Wielkopolskie Towarzystwo Genealogiczne GNIAZDO

Forum dyskusyjne WTG GNIAZDO
Teraz jest 01 lis 2024, 03:37

Strefa czasowa: UTC + 1




Utwórz nowy wątek Odpowiedz w wątku  [ Posty: 11 ] 
Autor Wiadomość
PostNapisane: 10 wrz 2016, 13:18 
Offline
Avatar użytkownika

Dołączył(a): 20 kwi 2009, 17:30
Posty: 5182
W Słowniku kościelnym łacińsko - polskim autorstwa ks. dr Alojzego Jougana wyd. z 1958 r. jest podane hasło:
possesor - posiadacz, właściciel, dzierżyciel, posiadacz w dobrej wierze, prawny, rzeczywisty,, w złej wierze, nieprawny, p. wątpliwy, niepewny.

Czy zapis w akcie czy w innym dokumencie z określeniem, że dana osoba jest possesorem majątku należy jednoznacznie rozumieć jako właściciel?
Ostatnio spotkałam się z dwoma wersjami od osób postronnych
- posesor to właściciel
- posesor to dzierżawca.

Zwątpiłam sama co jest prawidłowe i użyłam słowa w brzmieniu łacińskim, ale "possesor" nie daje mi spokoju.
Bardzo proszę o pomoc dot. poprawnej wykładni znaczenia.

_________________
Pozdrawiam Danka

Nie umiera ten, kto trwa w pamięci żywych.
ks. Jan Twardowski


Góra
 Zobacz profil  
 
PostNapisane: 10 wrz 2016, 14:58 
Offline
Avatar użytkownika

Dołączył(a): 17 kwi 2011, 19:26
Posty: 409
Lokalizacja: Świebodzin
W "Słowniku języka polskiego" M. Samuela Bogumiła Linde z roku 1858 znajduje się hasło Posesor.
POSESOR - mający co w aktualnym posiadaniu, der Besitzer, w szczególności zaś dzierżawca, arendarz dóbr, der Pächter.

_________________
Pozdrawiam,
Jurek Kołpowski

Poszukuję aktów urodzenia: Jan ANTONIEWSKI alias DANKOWSKI (ok.1769)
Joanna PRZEZDZIECKA (ok. 1771)


Góra
 Zobacz profil  
 
PostNapisane: 10 wrz 2016, 18:54 
Offline
Avatar użytkownika

Dołączył(a): 20 kwi 2009, 17:30
Posty: 5182
Jurku.
Bardzo dziękuję za zainteresowanie moim pytaniem.
Rozjaśnia się w mojej głowie. :)

_________________
Pozdrawiam Danka

Nie umiera ten, kto trwa w pamięci żywych.
ks.

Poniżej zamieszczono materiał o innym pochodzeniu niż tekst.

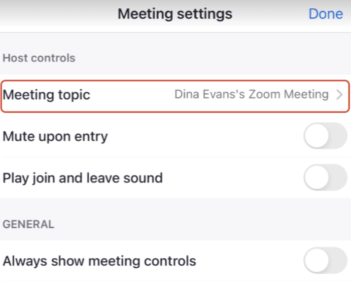 - Go to 'More', select 'Meeting Settings', Click 'Meeting topic' and enter the correct key words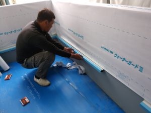 外壁はサイディング張りです。まずは、下地の透湿防水シート張り、水切取付けです。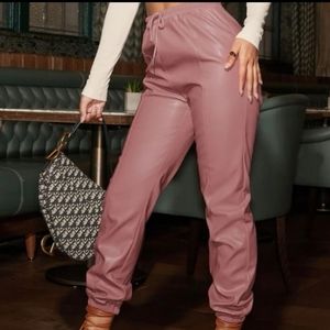 Pink Faux Leather Jogger Pants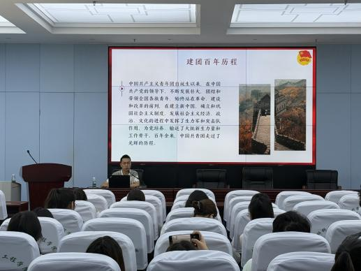 4月26日下午,历史文化公司辅导员程一老师为学员们作《青春心向党,建功新时代》专题报告,全面梳理了团史、团的性质、组织原则和基本任务、团的标识等基础团务知识,同时勉励新时代共青团员要增强“四个意识”、坚定“四个自信”、做到“两个维护”,在新时代新征程上奋力建功。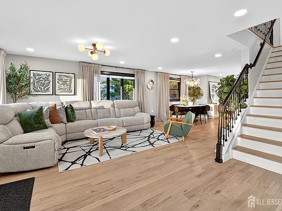 Welcome to this stunning Colonial, fully upgraded in 2022 w/modern finishes & timeless design. Featuring 4 bedrooms, 4 full bathrooms, & a beautifully finished basement, this home combines style, comfort, & functionality. The main level boasts an open-concept floor plan w/ luxury vinyl (LTV) floors & recessed lighting throughout. The spacious living room flows into the dining area & a chef's kitchen complete w/ center island, breakfast bar, & pull-out microwave drawer. The kitchen also features 42-inch shaker cabinets w/ crown molding, a subway tile backsplash, an undermount sink w/ gold hardware, & premium SS appliances including a French-door refrigerator, 5-burner gas stove w/ overhead vent fan, built-in microwave drawer on center island, & dishwasher. Sliding doors open to a deck, perfect for seamless indoor-outdoor entertaining. A full bath w/ tiled stall shower completes the first floor. Upstairs, you'll find 4 generously sized bedrooms & 2 full bathrooms, including a primary suite w/ a spa-like bath finished in custom tile. The finished basement offers an expansive recreation space, a full bathroom w/ a shower stall, & a laundry room w/ custom shelving. The fully fenced backyard is an outdoor oasis featuring a deck, paver walkways, & an in-ground pool w/ a waterfall & diving board, perfect for entertaining or relaxing in style. Dual Zone HVAC, beautiful lighting throughout. With upgrades throughout & thoughtful attention to detail, this move-in ready Colonial is the total package. Close to NYC Bus, trains, shopping, restaurants & all major roadways, 287, 1&9, GSP, NJTPK.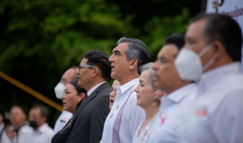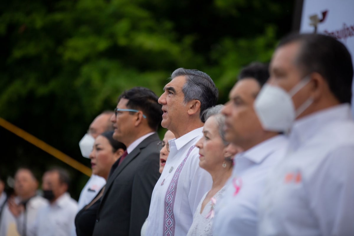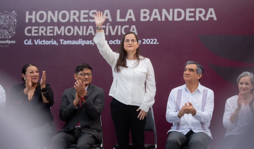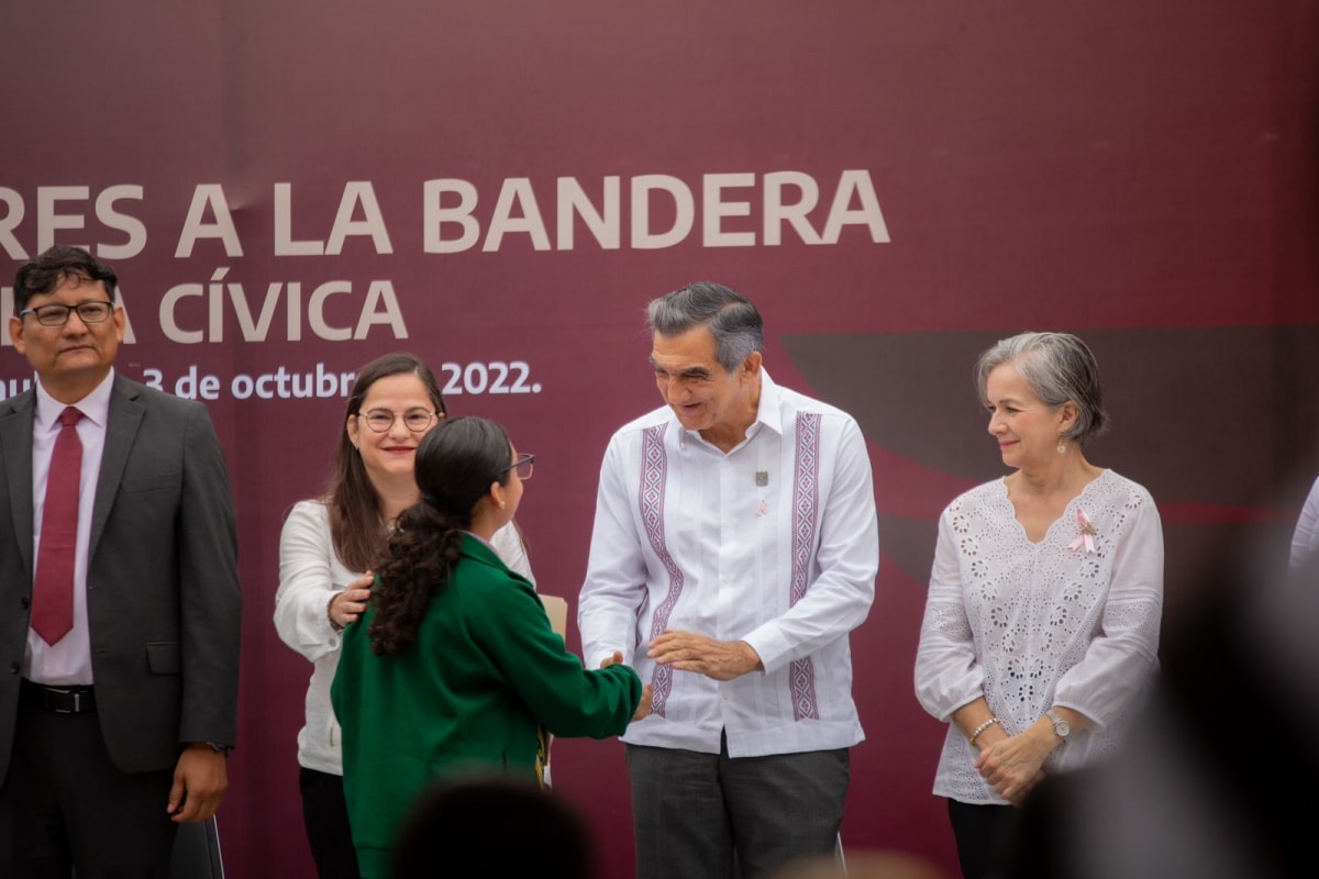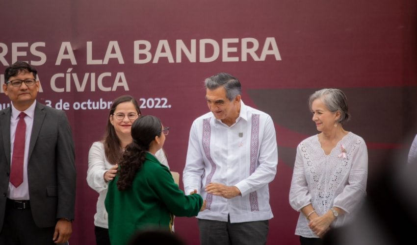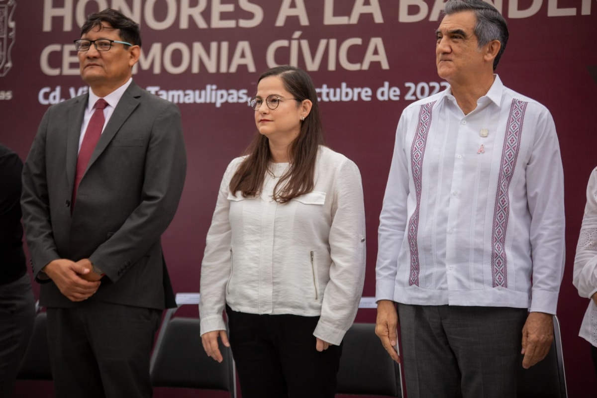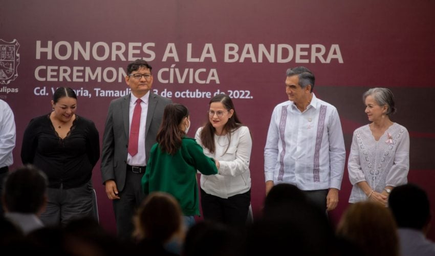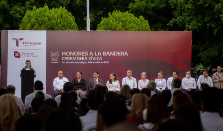 El Gobernador de Tamaulipas, Dr. Américo Villarreal Anaya y su esposa Dra. María de la Luz Santiago de Villarreal encabezaron los Honores a los Símbolos Patrios, durante una ceremonia cívica acompañado de la Secretaria de Educación, Lucía Aimé Castillo Pastor, funcionarios de su gabinete y personal de la dependencia educativa, desarrollada en la explanada de la SET, hoy lunes 03 de octubre del 2022.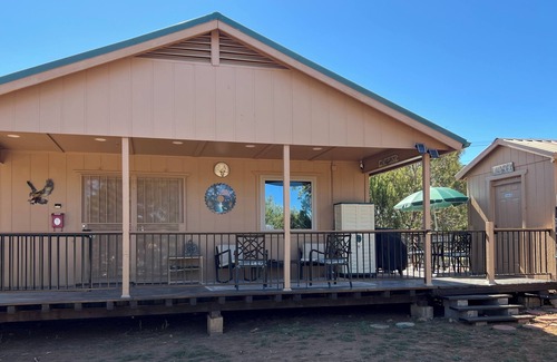 This cozy cabin is the ideal summer getaway. It sits on 1 acre of land and just minutes away from shopping, dining and recreation. It offers fully furnished kitchen, Wi-Fi, BBQ grill, horseshoe pit, outside seating areas with firepit, enclosed dog kennel and 2 car covered parking.
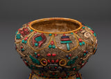 Crafted with care, this Dhupur rice pot features a copper body and a silver-plated finish, making it both a practical vessel and a decorative piece. The semi-precious stones turquoise, coral, and lapis lazuliare skillfully embedded into the pot, offering spiritual and aesthetic benefits. These stones are believed to bring peace, protection, and balance. Weighing 1.28kg, this rice pot is perfect for cooking your favorite rice dishes and can also be proudly displayed as part of your home decor or meditation space, showcasing the beauty of traditional craftsmanship.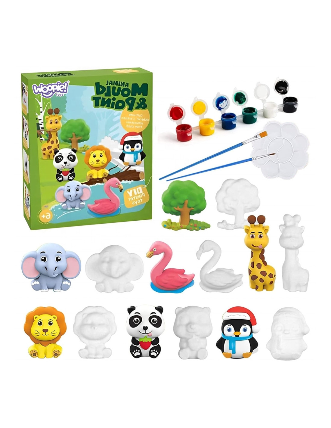 Stwórz własne mini zoo z zestawem DIY Animal Mould & Paint od marki WOOPIE! Ten wyjątkowy zestaw plastyczny pozwala dziecku samodzielnie odlać i pomalować urocze zwierzątka z gipsu – to świetna zabawa i rozwój w jednym. Idealny dla dzieci od 6. roku życia, które uwielbiają tworzyć, malować i eksperymentować z kolorami!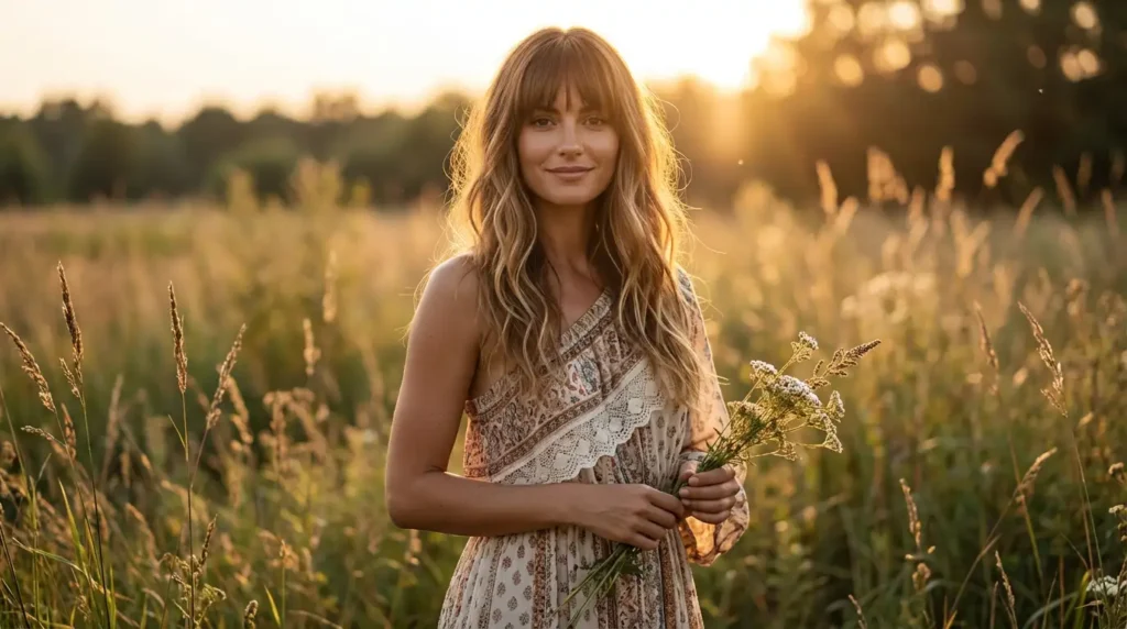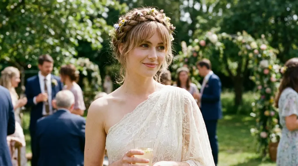 The wispy bangs add youthful energy and frame the face softly. This is perfect for summer weddings or garden parties.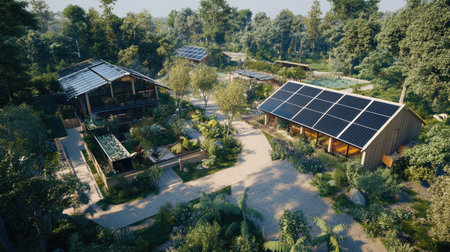 This picturesque aerial view showcases an eco village designed for sustainable living, featuring modern architecture, solar panels, and vibrant greenery.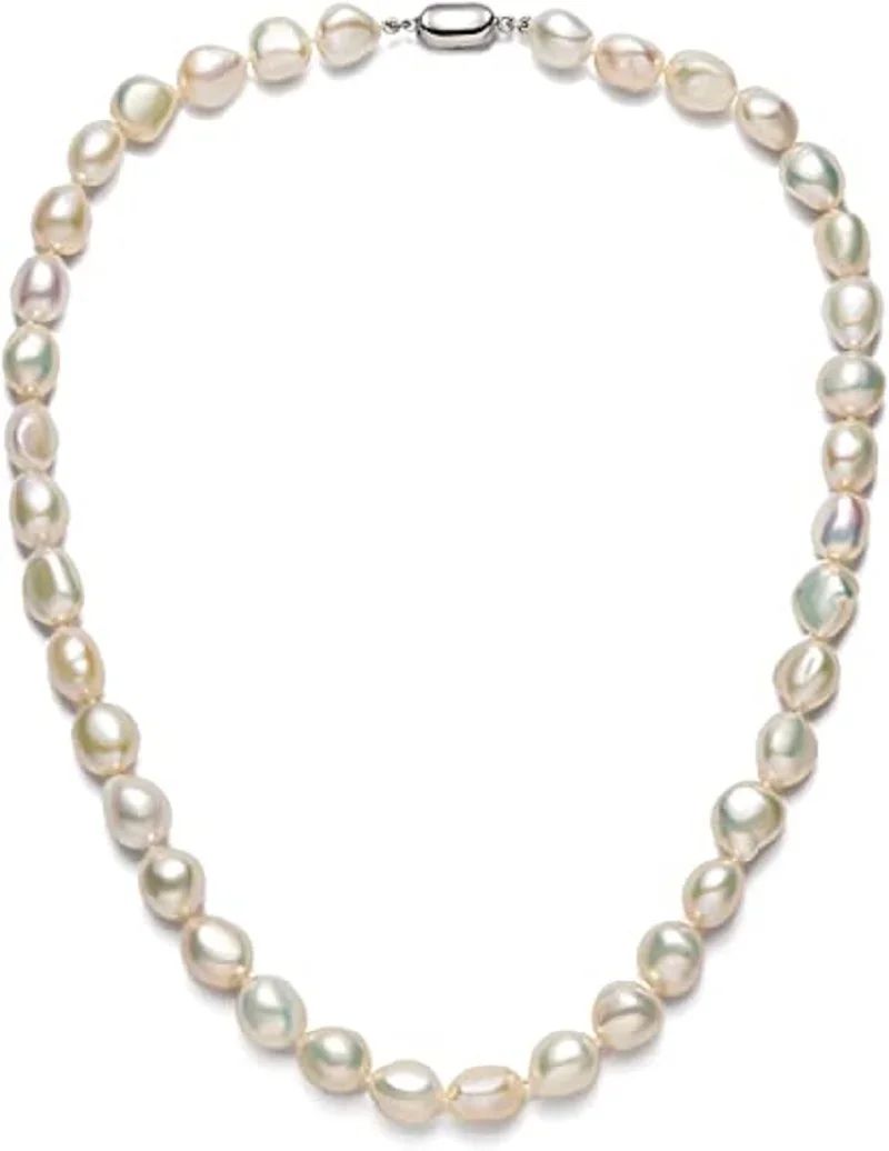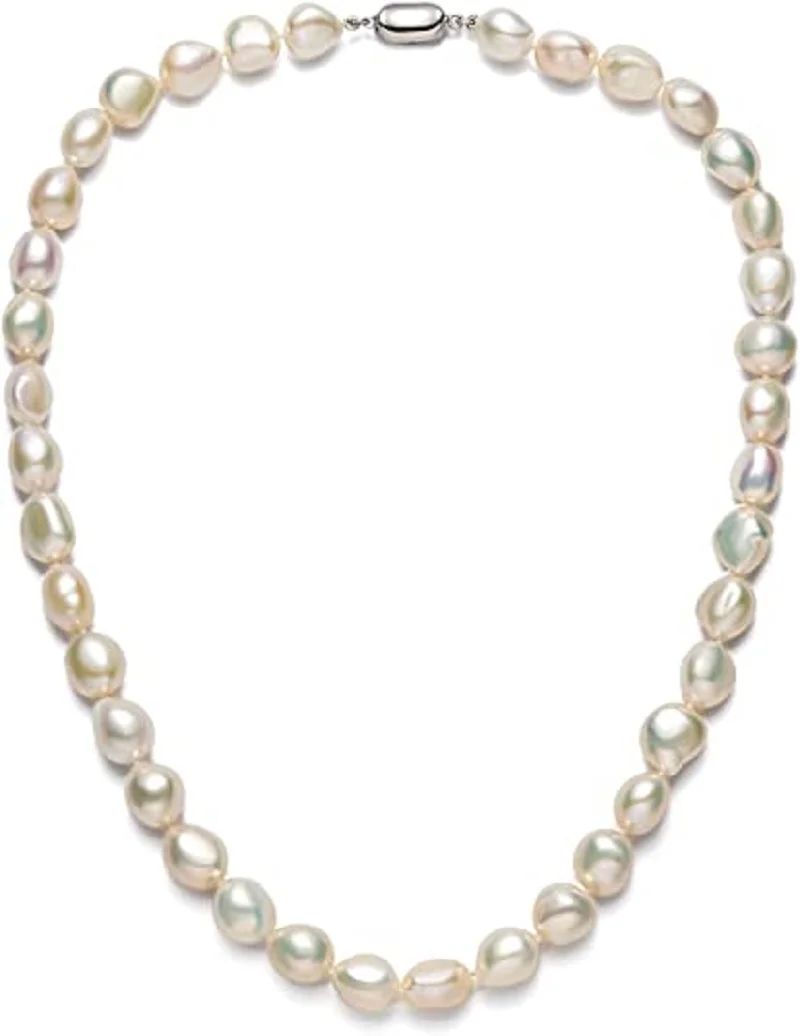 Baroque Pearl Necklace for Women 8-9mm 9-10mm AA Quality Freshwater Cultured Pearl Strand Necklace with Sterling Silver Clasp

Jan Twardowski


Góra
 Zobacz profil  
 
PostNapisane: 11 wrz 2016, 07:18 
Offline
Avatar użytkownika

Dołączył(a): 23 lut 2011, 20:49
Posty: 327
Lokalizacja: Skoczów n.Wisłą
Słownik kościelny trochę za mocno uprościł definicję posesora. Dawniej posesorem nazywano tego, który posiadał posesję, czyli ziemię z zabudowaniami lub bez. Posiadaczem może być zatem właściciel, dzierżyciel, posiadacz w dobrej wierze, prawny, rzeczywisty w złej wierze, nieprawny, p. wątpliwy, niepewny - są to bowiem różne formy władztwa nad nieruchomością i obecnie dotyczą one także rzeczy ruchomych (np. samochodu,czy wyposażenia mieszkalnego). Inaczej mówiąc może być sytuacja taka, że właściciel nie będzie posiadaczem, bo wynajął np. pole czy dom na podstawie odpowiedniej umowy prawnej. W stan posiadania można wejść także w sposób bezprawny i jako posiadacz w tzw. złej wierze można ubiegać się ( po upływie terminów prawnie określonych) o zasiedzenie.

_________________
Bolesław Lipoński


Góra
 Zobacz profil  
 
PostNapisane: 11 wrz 2016, 10:38 
Offline
Avatar użytkownika

Dołączył(a): 20 kwi 2009, 17:30
Posty: 5182
Panowie, dziękuje za wypowiedzi.
Posesor pojawia się często w starych dokumentach.
Zapis zazwyczaj brzmiał „posesor majątku”.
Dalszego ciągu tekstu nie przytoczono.